J’ai horreur d’être ailleurs, donc j’ai été là où il y avait les 2 places avec ma fille

Et une quinte de toux. La femme à côté de moi avec son mari a sorti son masque 😷 et s’est mise tout contre son bonhomme 😅

et après en fin de film j’ai mis mon manteau au dessus de moi et je dis à ma fille … « oh j’étais glacée avec cette Clim, et tous ces microbes qui doivent voler »
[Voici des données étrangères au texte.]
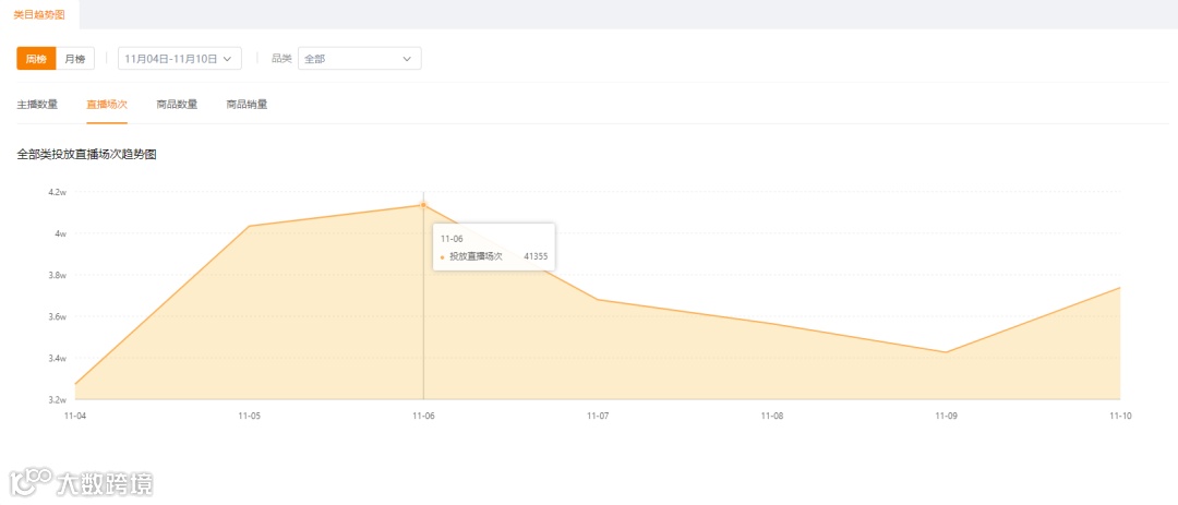 这是快手想打造的属于自己的狂欢购物节,它更强调实际的卖货和转化。通过飞瓜数据快手版的大盘数据分析也可以看到,11月6日的直播场次是上周最高的。
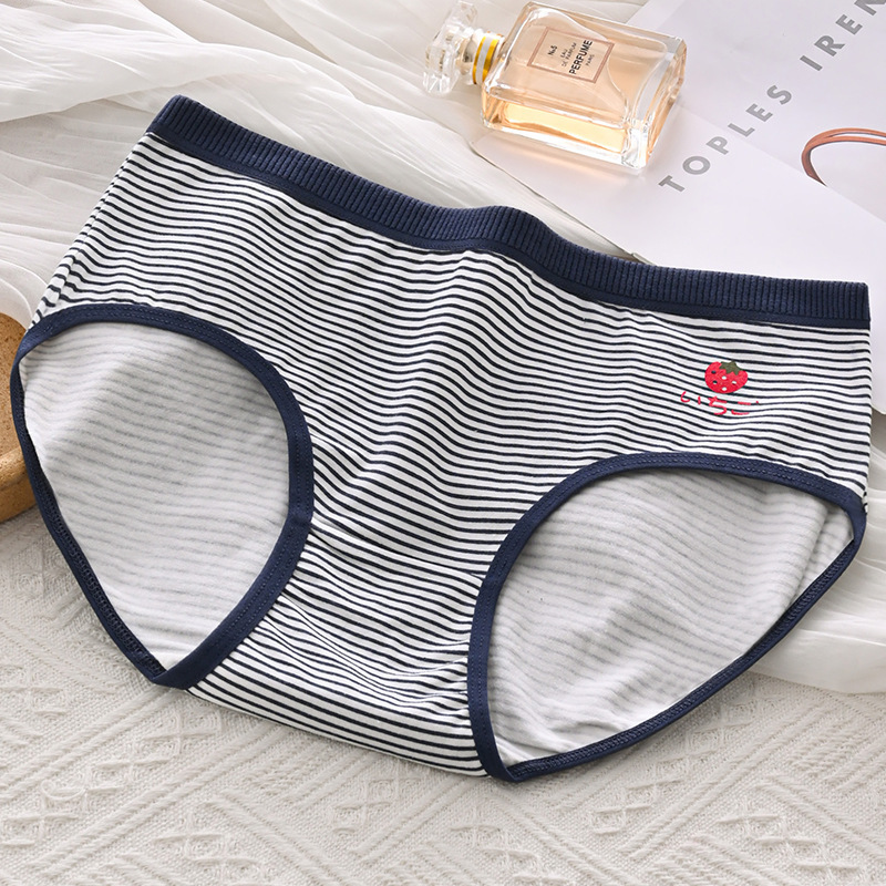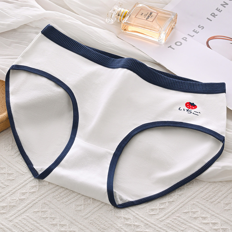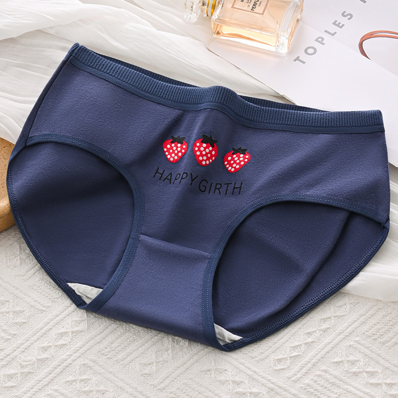 日系草莓印花內褲女中腰大碼透氣可愛系學生高中少女卡通三角短褲

Ma fille prévoit toujours une petite bouteille d’eau et un petit bonbon à sucer pour éviter d’entendre tousser sa mère 😁

Bon j’avoue que perso j’aurai changé de place quelqu’un qui tousse au début du film … ça m’aurait non seulement énervée et crains aussi


----------



## Catie6432 (24 Novembre 2022)

Ce soir je vais voir Indochine central tour au cinéma. Pour les fans .... comme moi !


----------



## Chantou1 (24 Novembre 2022)

Super Catie, j’ai regardé la bande annonce ça donne envie de le voir surtout sur grand écran ça va être top 

Nous dire demain tes impressions 😉


----------



## Chantou1 (24 Novembre 2022)

Passes une bonne soirée Catie


----------



## nounouflo (24 Novembre 2022)

Bonsoir,
Dernièrement j’ai vu le film « Simone »
 certaines scènes un peu dures mais un très beau film, de supers acteurs…


----------



## Chantou1 (25 Novembre 2022)

@Catie6432 

Alors le film ... tes impressions ?


----------



## Catie6432 (25 Novembre 2022)

C'est la première fois que je suivais un concert de cette façon. Et bien c'est topissime ! Le son, l'ambiance, franchement je suis impressionnée ! 3 heures de grand spectacle. Ma sœur avait été voir un concert de Coldplay comme cela. Elle avait été convaincue. 
A refaire ! J'acheeeete ! 👍🎶


----------



## Babou (28 Novembre 2022)

Je suis allée le voir avec une amie Assmat , d’ailleurs c’est elle qui m’a mise au courant. Courrait le voir , à mourrir de rire , petits et grands jouent formidablement. Vous allez passer un bon moment . C’est un film drôle mais aussi émouvant 🥲 je ne vous en dis pas plus 👍. 
Bonne séance 😀


----------